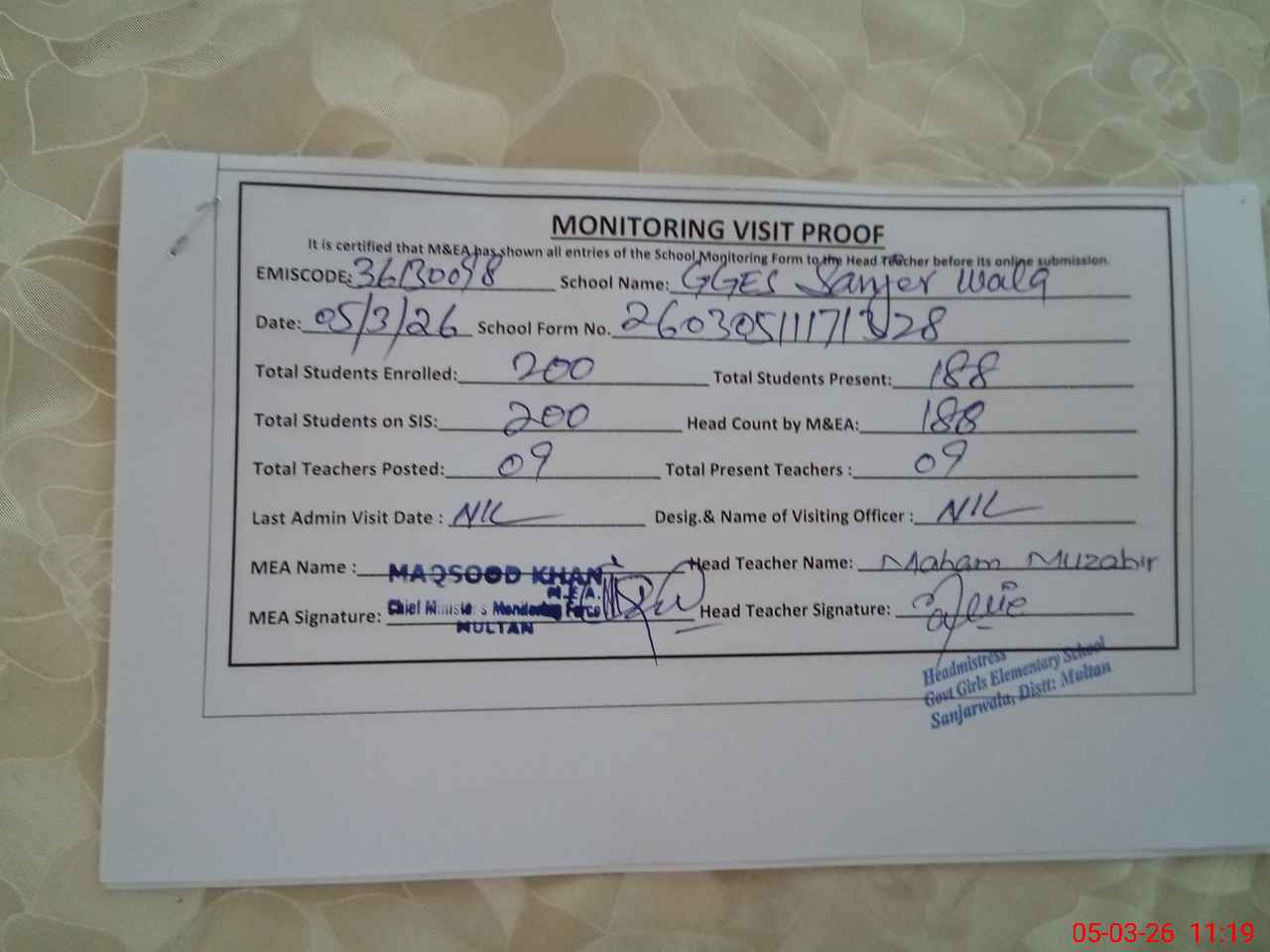 | Attendance Register | Head Teacher | MEA with School | Visit Proof |
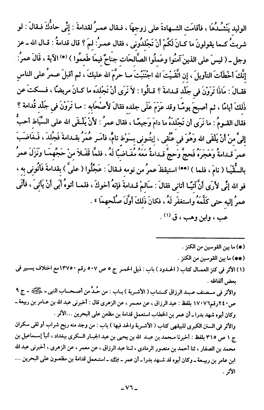 الوليدِ يَنْشُدُهَا، فأَقامَتِ الشهادةَ على زوجِهَا، فقال عمرُ لقدامةَ: إِنِّى حادُّكَ فقالَ: لو شربتُ كما يقولونَ ما كَانَ لَكُمْ أَنْ تَجْلِدُونِى، فقال عمرُ: لِمَ؟ قال قدامةُ: قال اللَّه -عز وجل- {لَيْسَ عَلَى الَّذِينَ آمَنُوا وَعَمِلُوا الصَّالِحَاتِ جُنَاحٌ فِيمَا طَعِمُوا} (*) الآية، قَالَ عمرُ: إِنَّكَ أخْطأتَ التأويلَ، إِنِ اتَقَيْتَ اللَّه اجْتَنَبْتَ ما حرَّمَ اللَّه عليكَ، ثم أقبلَ عمرُ على النَّاسِ فقالَ: مَاذَا تَرَوْنَ فِى جَلدِ قدامةَ؟ قالُوا: لَا نَرَى أَنْ تَجْلِدَه ما كَانَ مريضًا، فسكتَ عن ذَلِكَ أيامًا، ثم أصبحَ يومًا وقد عَزَمَ عَلَى جلدِهِ فقالَ لأَصْحَابهِ: ما تَرَوْنَ فِى جَلْدِ قُدامة؟ فقال القومُ: ما نَرَى أن تَجْلِدَه ما دامَ وَجيعًا، فقال عمرُ: لأَنْ يَلْقَى اللَّه على السِّيَاطِ أحبُّ إِلىَّ مِن أن يَلْقَى اللَّه وَهُوَ فِى عُنُقِى، إِيتونِى بِسَوْطٍ تامٍّ، فأمَر عُمَرُ بقدامةَ فَجُلِدَ، فَغَاضَبَ عمرَ قدامةُ وَهَجَرَهُ فَحجَّ وَحجَّ قدامةُ مَعَهُ مُغَاضبًا لَهُ، فلمَّا قَفَلَا مِنْ حَجِّهِمَا وَنَزَلَ عمرُ بالسُّقْيَا (نامَ، فلما) (* *) استيقظَ عمرُ من نومهِ فقالَ: عَجِّلُوا (على) بقدامةَ فَأتُونِى بهِ، فواللَّه إنِّى لأَرَى أَنَّ آتِيًا أَتانِى فقالَ: سَالِمْ قدامةَ فإنهُ أخوكَ، فلما أتوهُ أَبَى أَنْ يَأتِى، فَأَتَى عمرُ إليهِ حتى كَلَّمَهُ واستغفَر لَهُ، فكانَ ذَلِكَ أَوَّلَ صُلْحِهمَا".
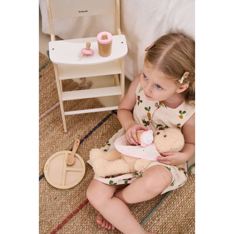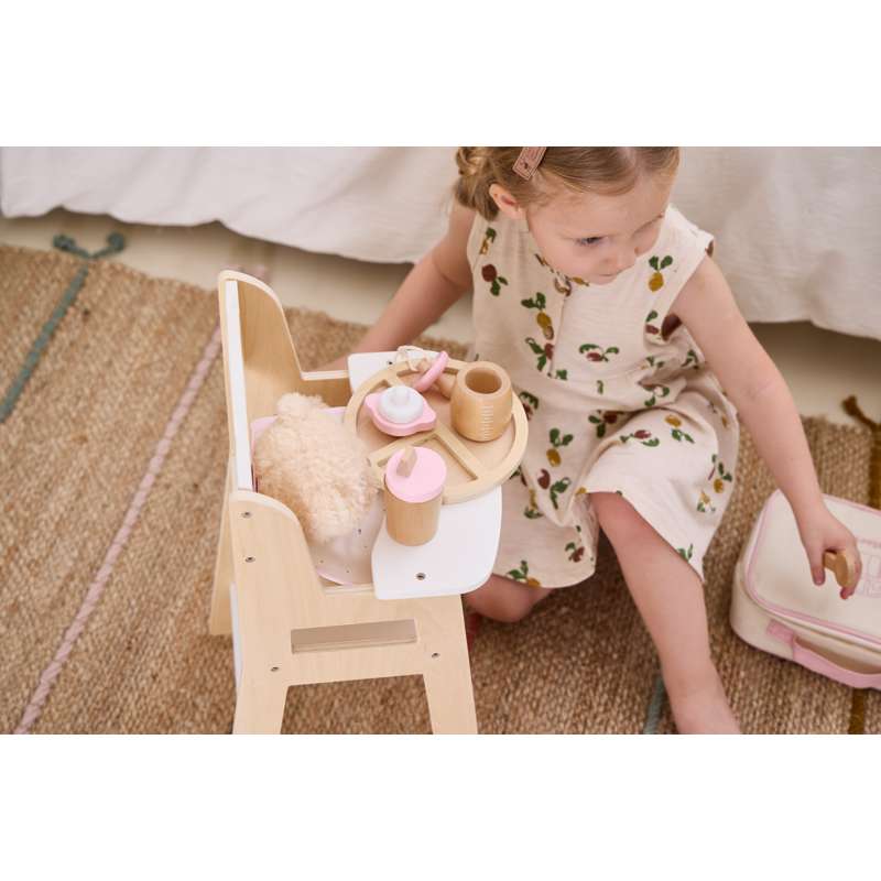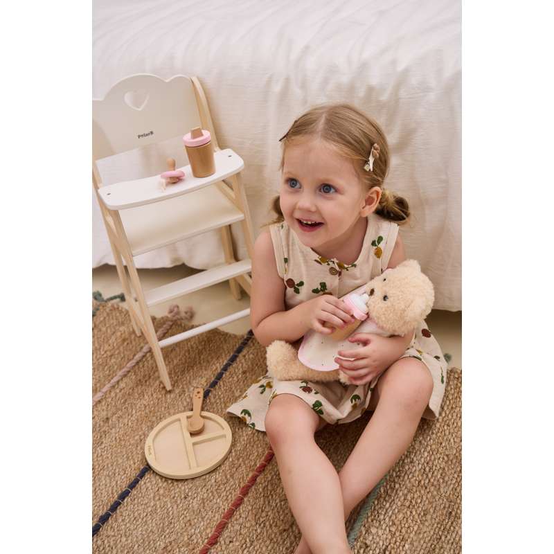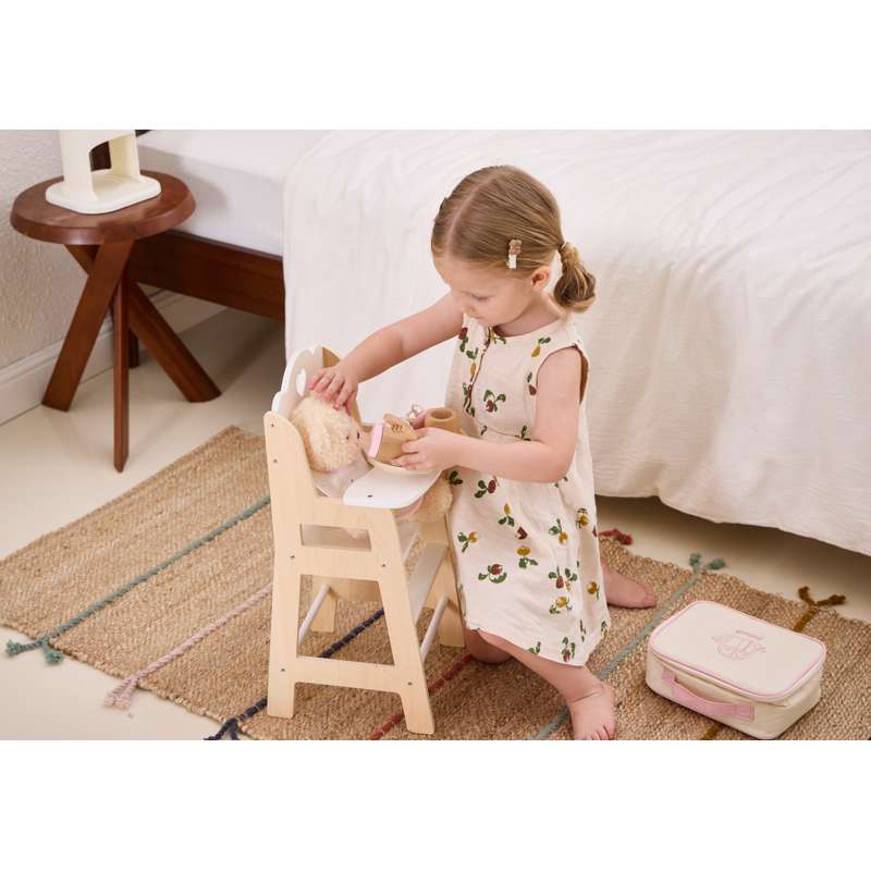 Det er spisetid for dukken! Dette søde fodringssæt indeholder alt, hvad små omsorgsfulde forældre har brug for, når dukken skal have mad – uanset om det er derhjemme eller på farten.
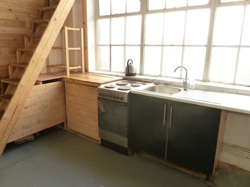 600 sq ft ground floor live work unit in converted warehouse, with mezzanine floor and a large open area
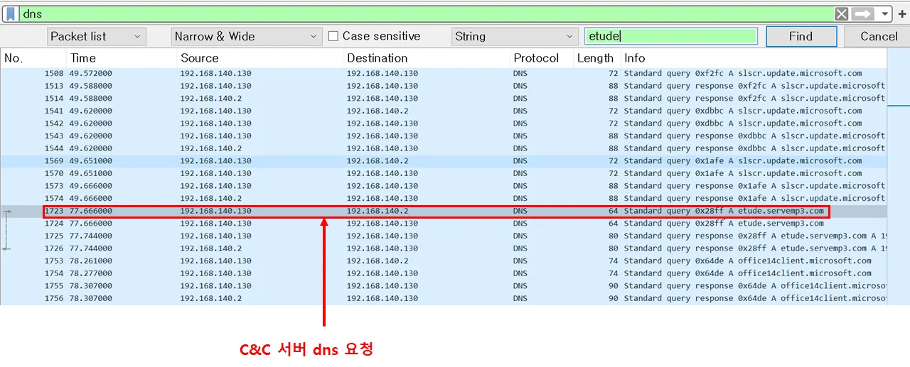 fakenet에서 저장된 패킷을 확인해보면 샌드박스에서 확인한 dns 쿼리 요청와 http reuqest(사진에는 없음)을 볼 수 있다. 현재 해당 서버는 죽어있기 때문에 실제 어떠한 정보를 요청했는지는 정확히 알 수 없다.
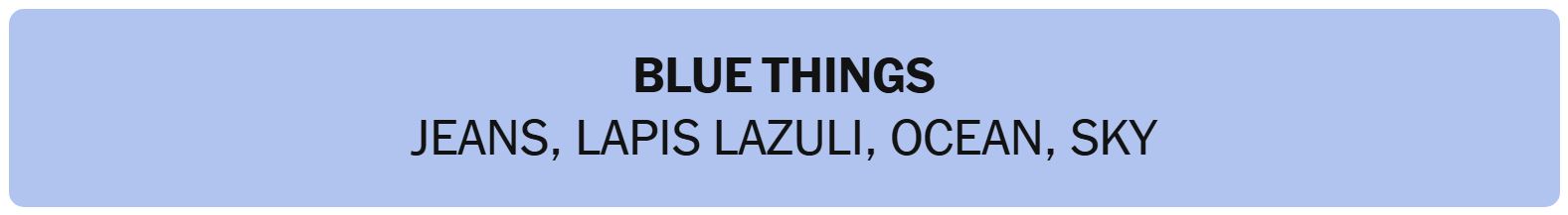 - BLUE THINGS – JEANS, LAPIS LAZULI, OCEAN, SKY
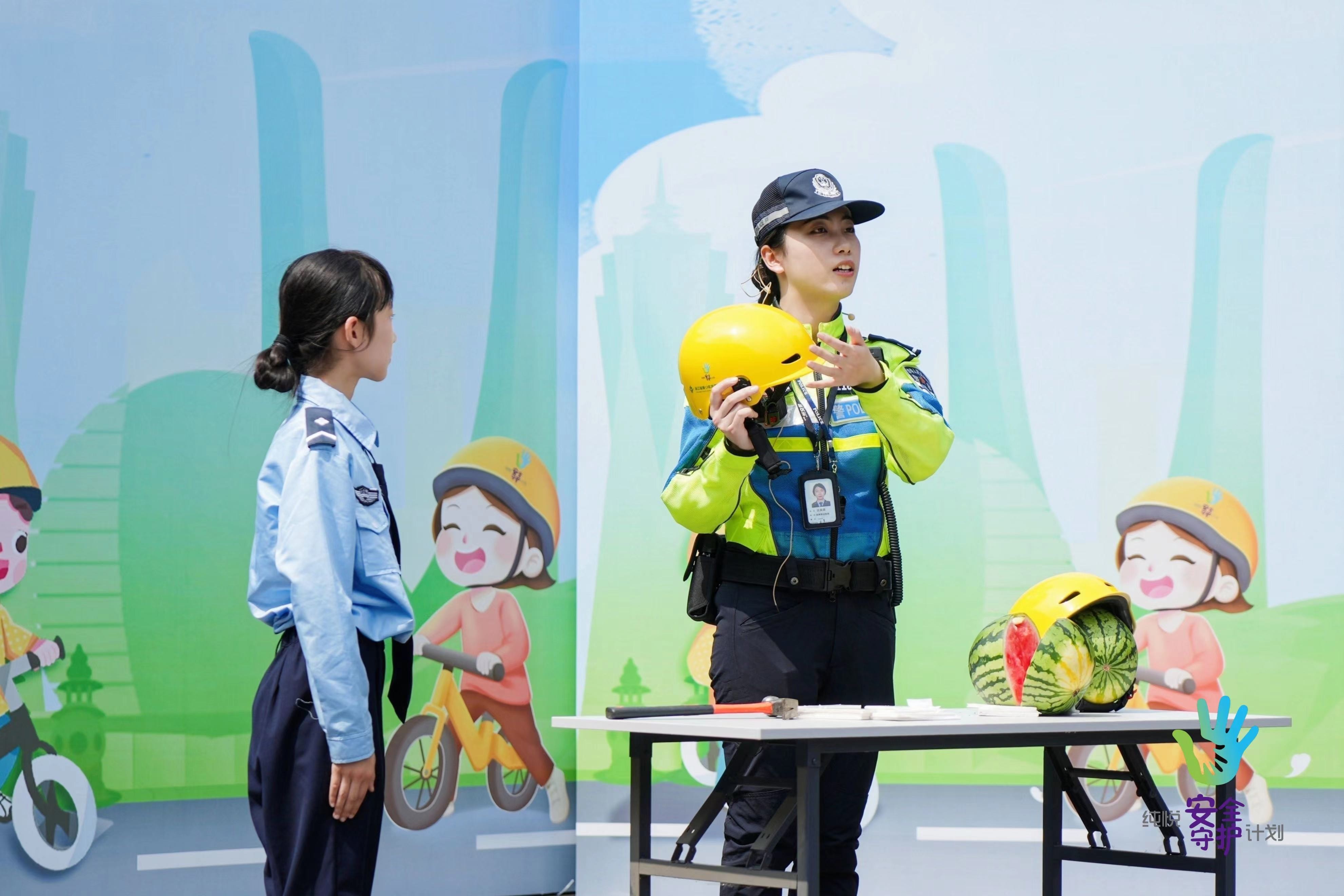 杭州市公安局交通警察支队现场开展了交通安全模拟实验课堂,围绕“佩戴安全头盔的重要性”交通安全风险点展开科学小实验,让在场学生、家长、老师切身感受到不遵守交通规则的安全隐患和有可能引发的危险后果。实验浅显易懂、生动有趣,不仅让学生和家长能够直观地看到不规范行为带来的危害,也能够理解交通行为规范背后的科学原理,从而提高交通全意识,养成良好的出行习惯,避免危险事故的发生。
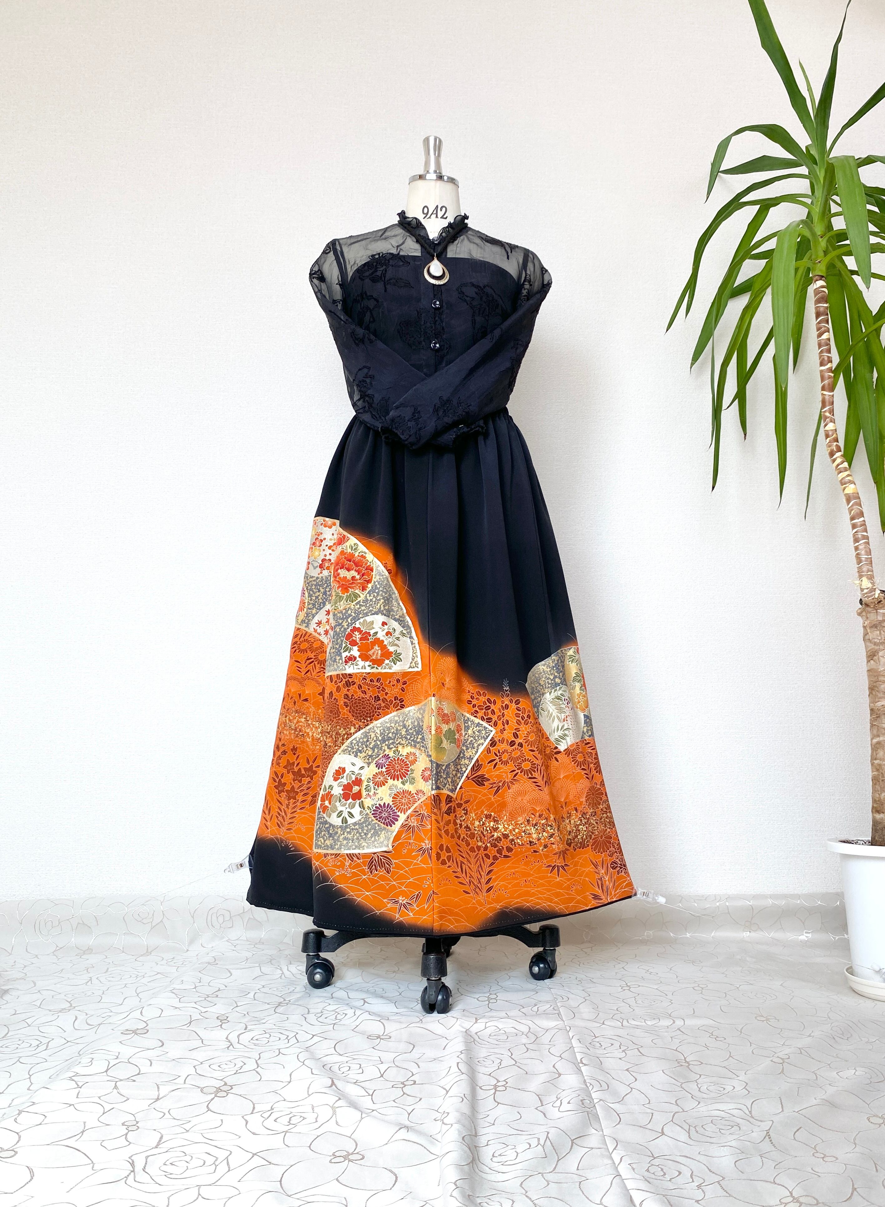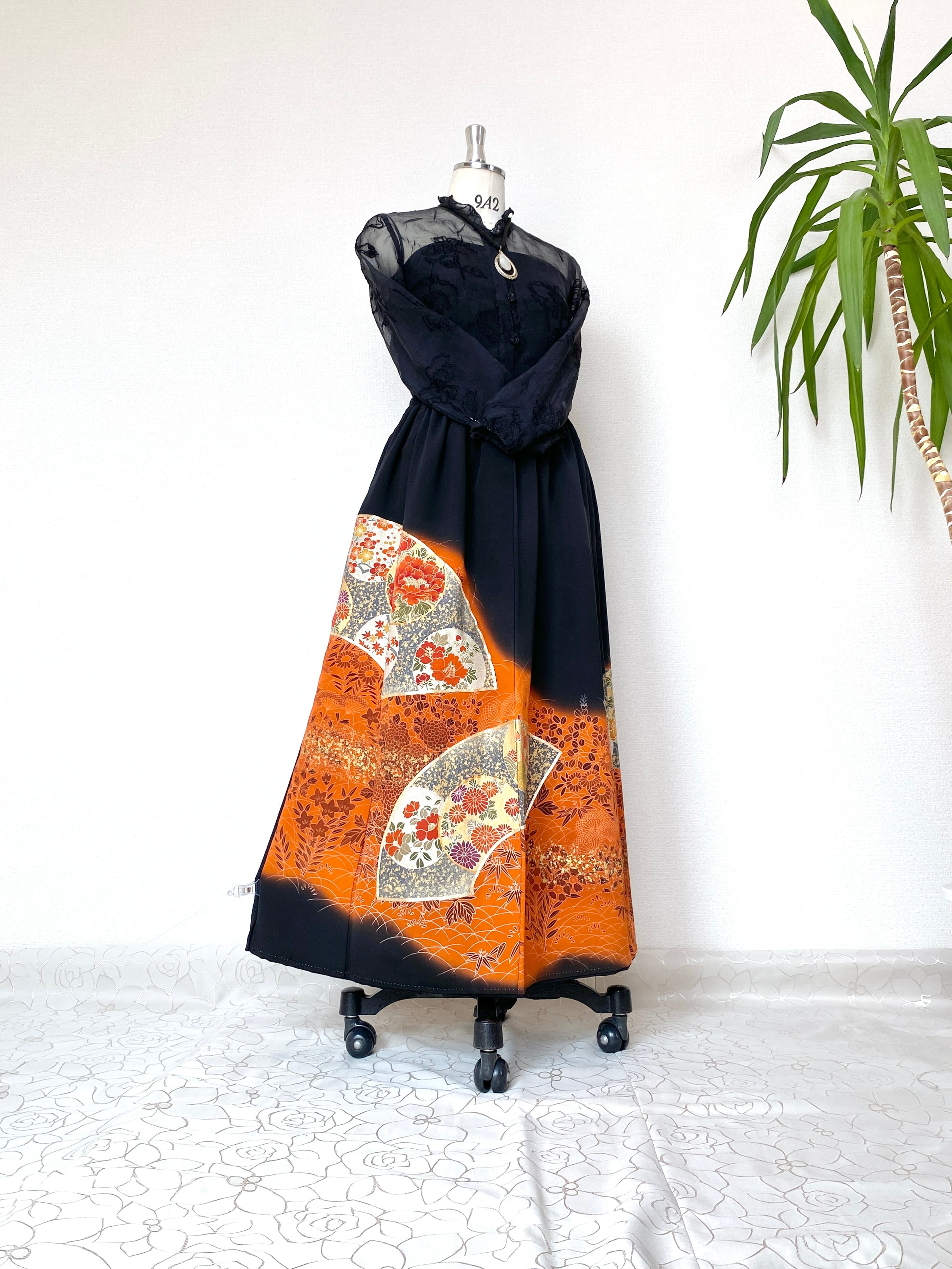 黒留袖着物をリメイクして作製したウエストゴムロングドレススカートフリーサイズです
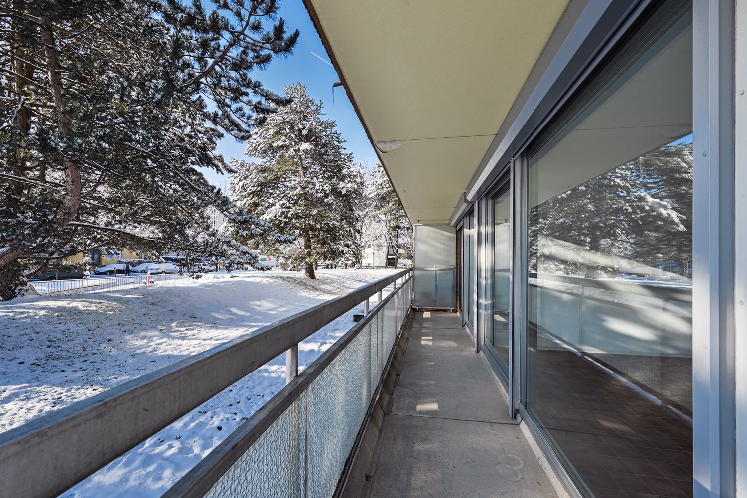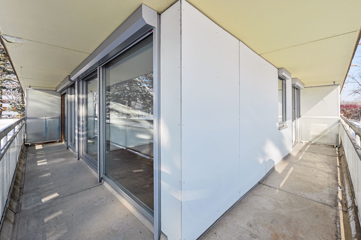 Ein Highlight ist der umlaufende Balkon, der sowohl vom Schlaf- wie auch vom Wohnzimmer südseitig sowie von der Küche aus ostseitig begehbar ist.
_ _ _ _
● **Task**: Taking the records above, print only and exactly the lines from the line with "杭州市公安局交通警察支队现场" to the line with "黒留袖着物をリメイクして作製", both kept, and exclude pictures.

● **Result of this exercise**:
 杭州市公安局交通警察支队现场开展了交通安全模拟实验课堂,围绕“佩戴安全头盔的重要性”交通安全风险点展开科学小实验,让在场学生、家长、老师切身感受到不遵守交通规则的安全隐患和有可能引发的危险后果。实验浅显易懂、生动有趣,不仅让学生和家长能够直观地看到不规范行为带来的危害,也能够理解交通行为规范背后的科学原理,从而提高交通全意识,养成良好的出行习惯,避免危险事故的发生。
 黒留袖着物をリメイクして作製したウエストゴムロングドレススカートフリーサイズです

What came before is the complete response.